Sunday, March 9, 2008

When Bigots Think Out Loud

As soon as most of us (or at least I) presumed that perhaps the masses were beyond racial and religious stereotypes in this election, and that people were finally listening to a candidate's positions and ideals rather than focusing on their exteriors, I was disillusioned.

Republican Congressman Steve King said yesterday that if Senator Barack Obama was elected president, terrorists would "dance in the streets" at his victory. It may have been able to pass as thoughtful criticism if he just focused on Obama's view of the war, and cited the Senator's plans to withdraw troops as the reason for his opinion. The Congressman, however, further supported his prediction with the mention of Obama's middle name, "Hussein", his father's heritage, and his appearance.

The Senator then said: "I'll just say this that when you think about the optics of a Barack Obama potentially getting elected President of the United States -- and I mean, what does this look like to the rest of the world? What does it look like to the world of Islam?"

What Barack Obama looks like to the rest of the world is a Black progress, passionate idealism, and the absolute example of the melting pot culture and tradition that this country is molded of. The fact that the most powerful nation in the world could possibly be ruled by someone that doesn't portray what we've been taught were the physical and popular characteristics of power and progress seems terrifying to conservative White men like Steve King.

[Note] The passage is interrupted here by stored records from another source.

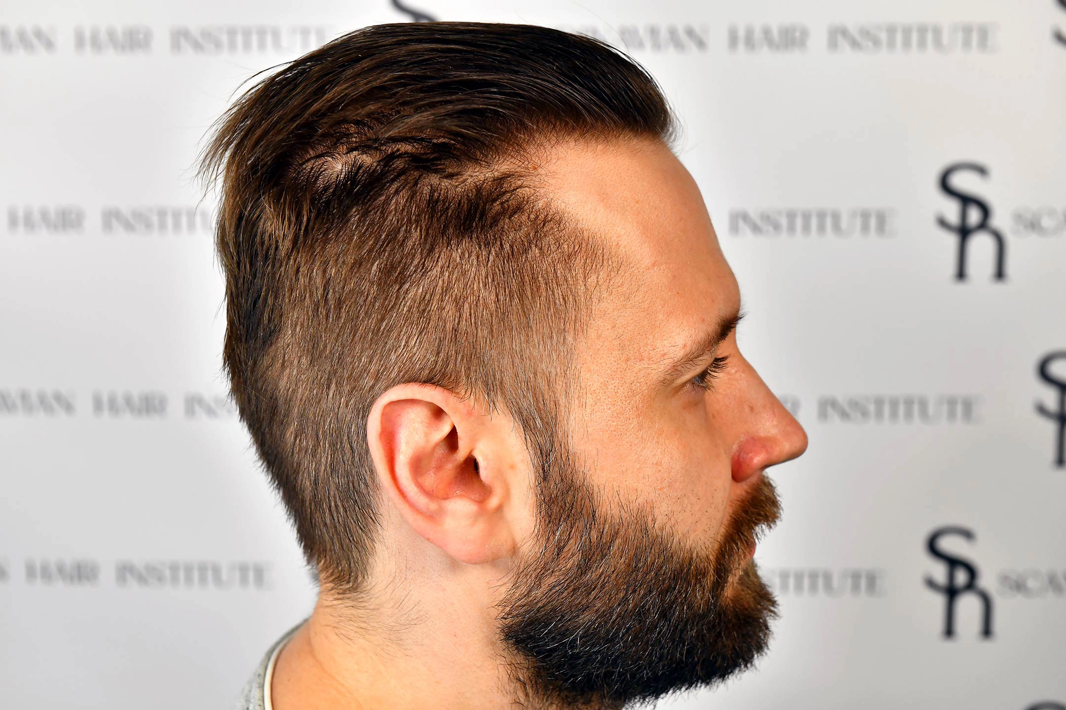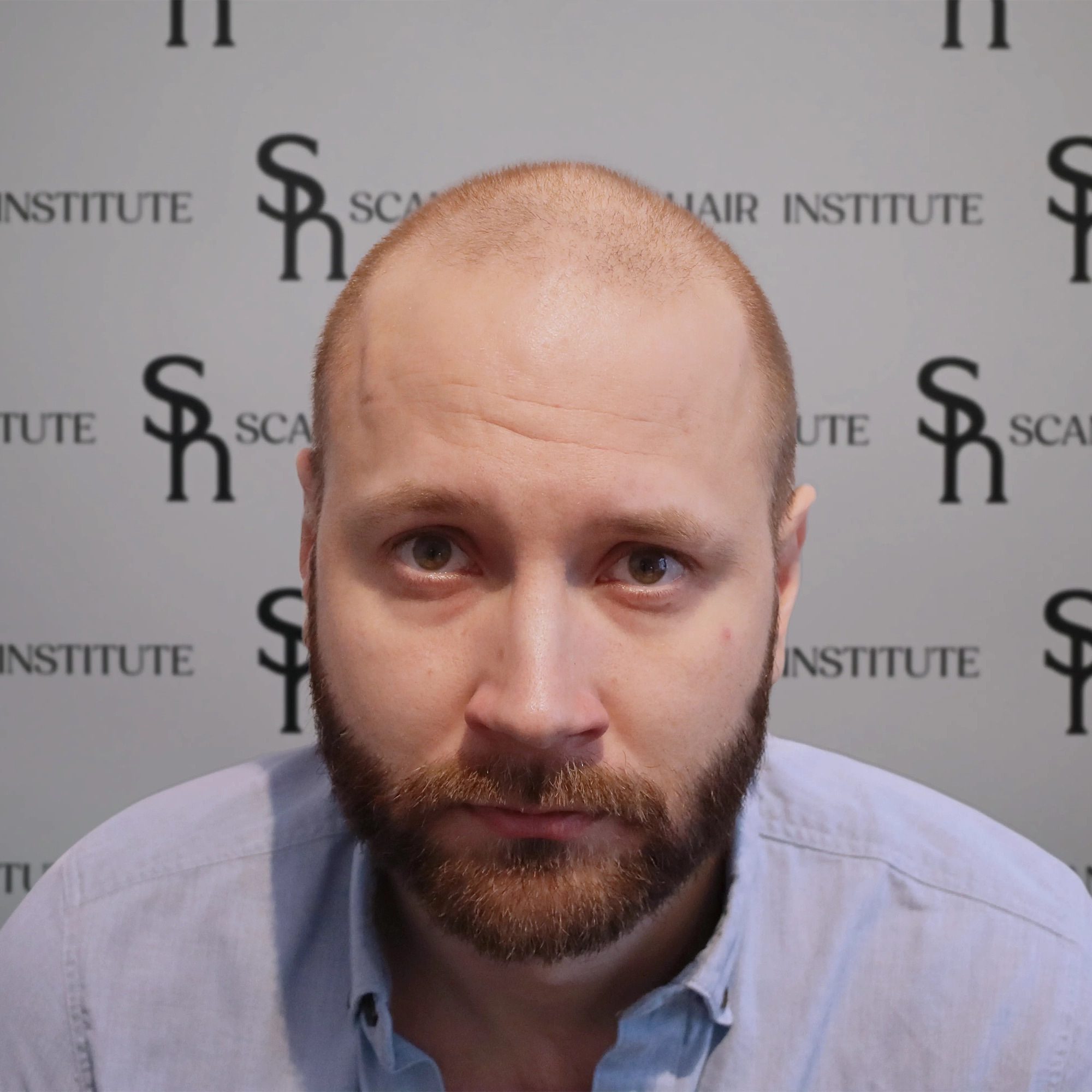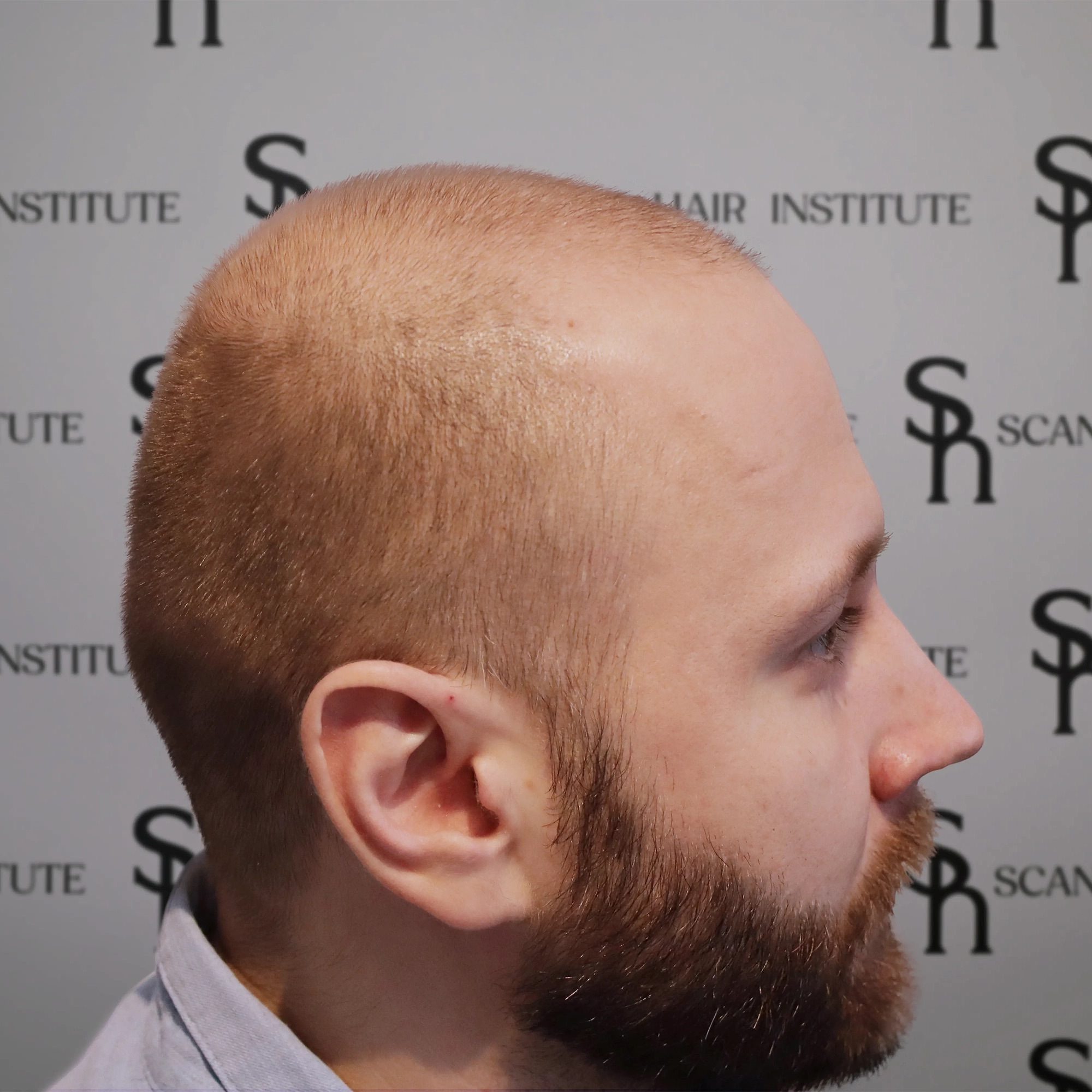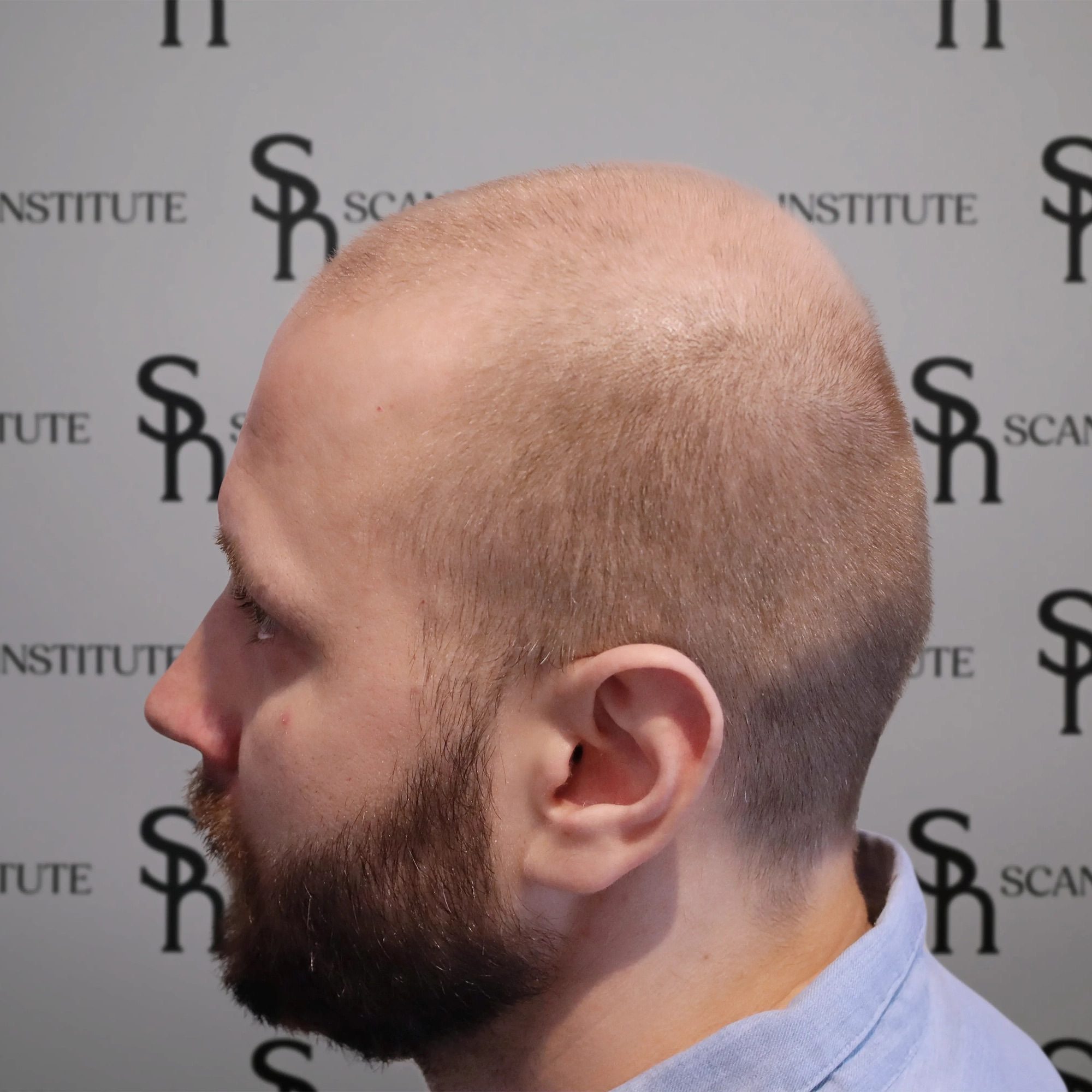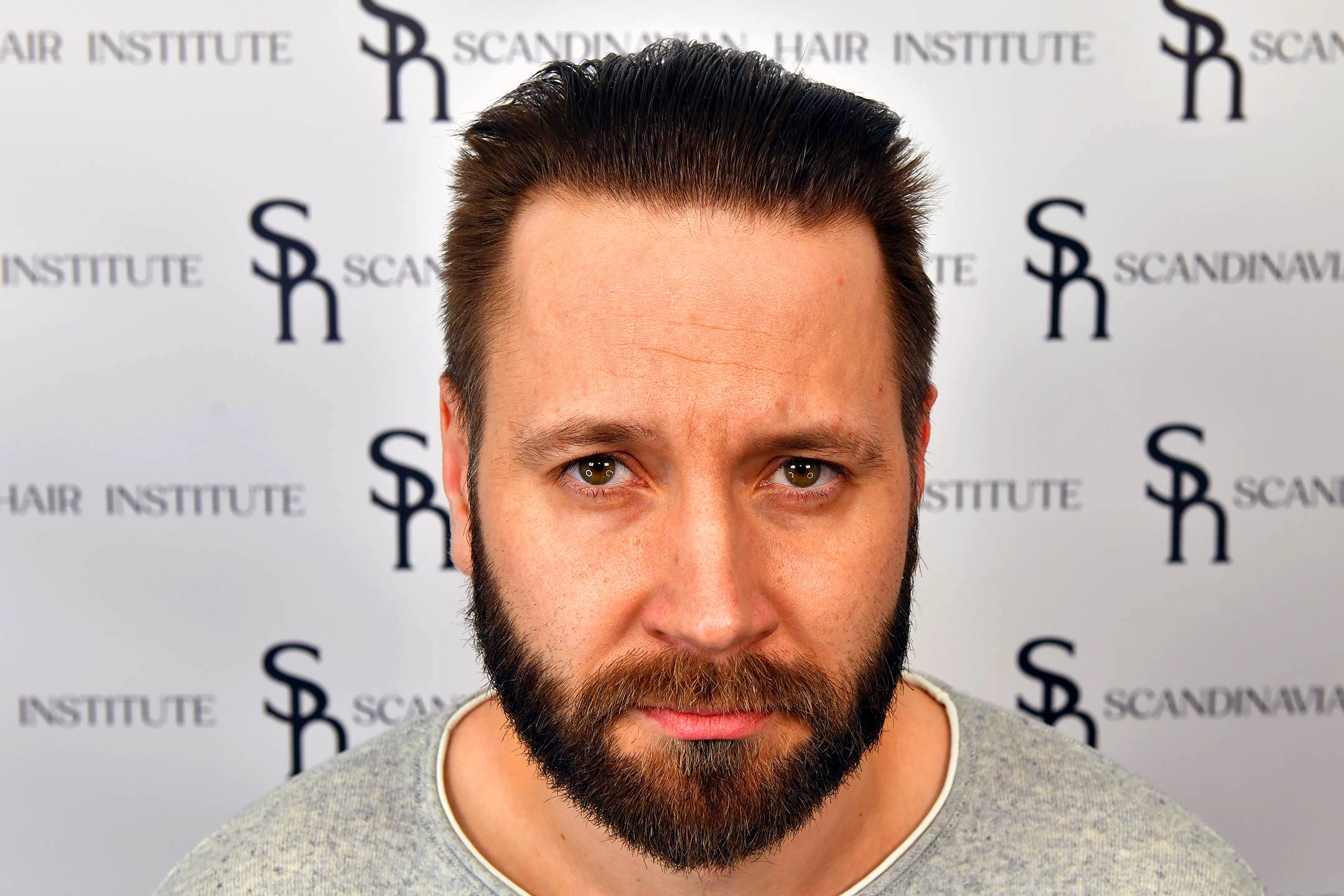 Av de 5 500 grafts placerades 550 fina singelhår strategiskt längs fronten för att säkerställa en mjuk och realistisk övergång, medan de resterande 4 950 grafts fördelades över hårlinjen, toppen och hjässan. Resultatet är ett fylligt och naturligt hår med inga synliga tecken på tidigare skallighet.
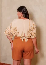Nas costas, o detalhe com abertura central e amarração ajustável traz um toque moderno e charmoso, além de garantir um caimento impecável. A modelagem é levemente mais curta, o que a torna ideal para usar por dentro de calças e shorts de cintura alta, valorizando a silhueta.
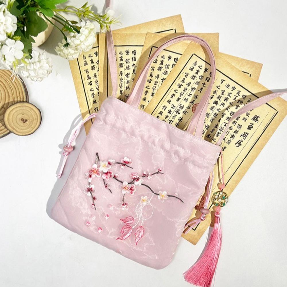 Organza Hanfu Embroidery Handbag Sweet Small Purse Bag Chinese Style Drawstring Bucket Bag Daily
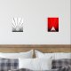 Un motif classique de style art déco, créé en noir, blanc et rouge. Un motif emblématique du soleil se levant derrière un bâtiment en forme d'art déco stylisé. Un design simple mais élégant, fidèle à l'époque.
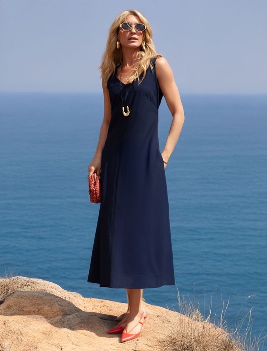 Состав: 70%Лиоцелл (Вис) 30%ПЭ Параметры модели на первом фото: Рост 170, бюст 89, талия 63, бедра 92Платье с V-вырезом выполнено из плотного лиоцелла. Лаконичная модель с открытыми плечами и слегка расклешённым низом. Ткань изделия отлично держит форму, плавно драпируется и не просвечивает. В теплое время года приятно охлаждает кожу. Добавление синтетических волокон в составе изделия, предотвращает сминаемостьи поддерживает формоустойчивость.
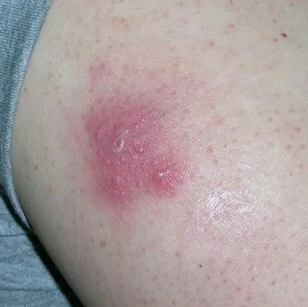 6、传染性湿疹样皮炎:本病为自身敏感性皮炎的特殊型,在发生前患处附近有慢性细菌性感染病灶,临床以病灶周围发红、密集小水疱、水疱、脓疱、 结痂、鳞屑、红疙瘩为特征。发病前有慢性细菌感染灶,排出大量分泌物。
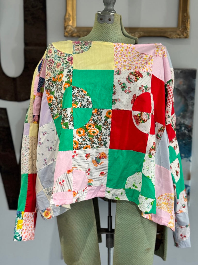 Every square is a reminder that mismatched equals magic and circles don't need to be perfect to turn heads. This piece celebrates the beauty of vintage craftsmanship and the joy of color that doesn't follow the rules.
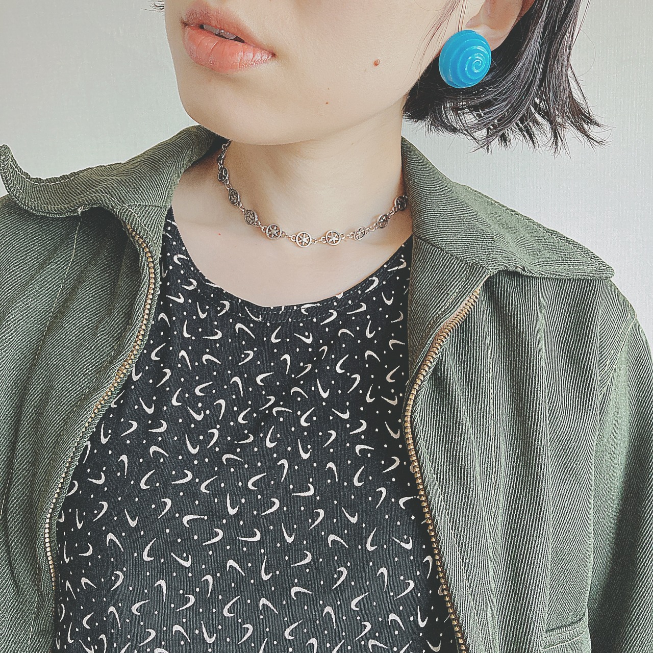 Vintage 50s - 70s blue plastic spiral earrings ヴィンテージ 50年代 - 70年代 ブルー プラスチック スパイラル 渦巻き イヤリング b1023 | OBAKEPEACH
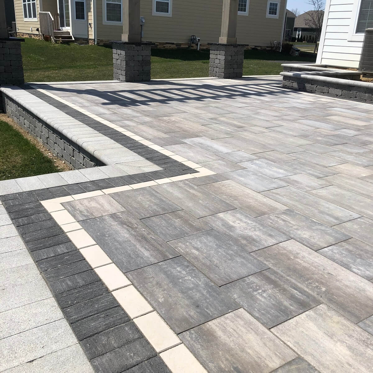 When you’re looking for patio ideas, you should consider the paver rug. In a paver rug design, we interrupt the design of a patio’s field to create an inset design with complementary or contrasting pavers. The possibilities are endless, and this is where you can personalize a patio to be uniquely yours. In the same way that a rug changes the design and texture of an area of a room’s floor/surface, so does a paver rug within a patio. Laying the paver rug in a different pattern defines the “rug” area and adds visual interest. A specific example of a paver rug would be an inset design of stain-resistant pavers in an outdoor kitchen, grilling or dining area—chosen for easy cleaning.

Obama is not a threat to the country, but to him.

The implication that the world will see Obama's difference as America's weakness is bigoted and flawed, in that it perpetuates that a particular religion, physical characteristic, and culture are destructive to the United States of America and the view and the respect that the world holds of it.

Obama's spokesperson Bill Burton stated, “These comments have no place in our politics, and we hope Senator McCain will repudiate them like he has previous offensive comments from his supporters.”

McCain's camp responded: "Our position on this is very clear. We are against the kind of politics that divide and degrade people in the process."

Steve King continues to support his statements.